Goal for the new storage engine
Faster updates
Using bincode
made my storage engine save all the values, despite being updated or not, and that made it “slow” I would like the new one to update only the keys that have changes so it would be faster.
Append only fast storage
According to the paper and after doing some experiments, I observed that append-only files would write much faster, so I was looking for a structure that could run as append-only.
In place update
I would need to support in-place updates to have the faster updates.
Hows?
In place update implementation
The in-place update is one of the biggest reasons for this new implementation.
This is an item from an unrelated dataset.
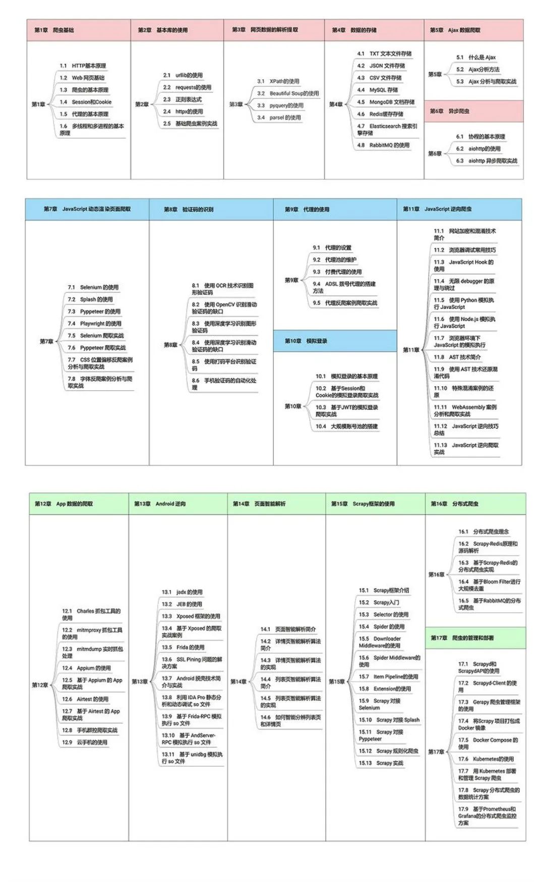 另外,新版内容还增加了异步爬虫、JavaScript 逆向、App 逆向、页面智能解析、深度学习识别验证码、Kubernetes 运维及部署等知识点,同时也对各个爬虫知识点涉及的请求、存储、解析、测试等工具进行了丰富和更新。

To store only the updated keys, I needed to change the model in memory, adding a status. In the next block of code, I am showing the changes in the Value struct
. The most important point, for now, is the ValueStatus
. That status is used to hold how the state of the key in memory.
pub struct Value { pub value: String, pub version: i32, pub state: ValueStatus,// New pub value_disk_addr: u64,// New pub key_disk_addr: u64,// New } #[derive(Clone, PartialEq, Copy, Debug)] pub enum ValueStatus { /// Value is ok memory == disk values Ok = 0, /// Value is updated on memory not yet stored in disk Updated = 2, /// Value value needs to be deleted in the disk Deleted = 1, /// Value is new it is not present on disk yet New = 3, }
That model made it possible to us to easily control the flow of information and what needs to be updated or not.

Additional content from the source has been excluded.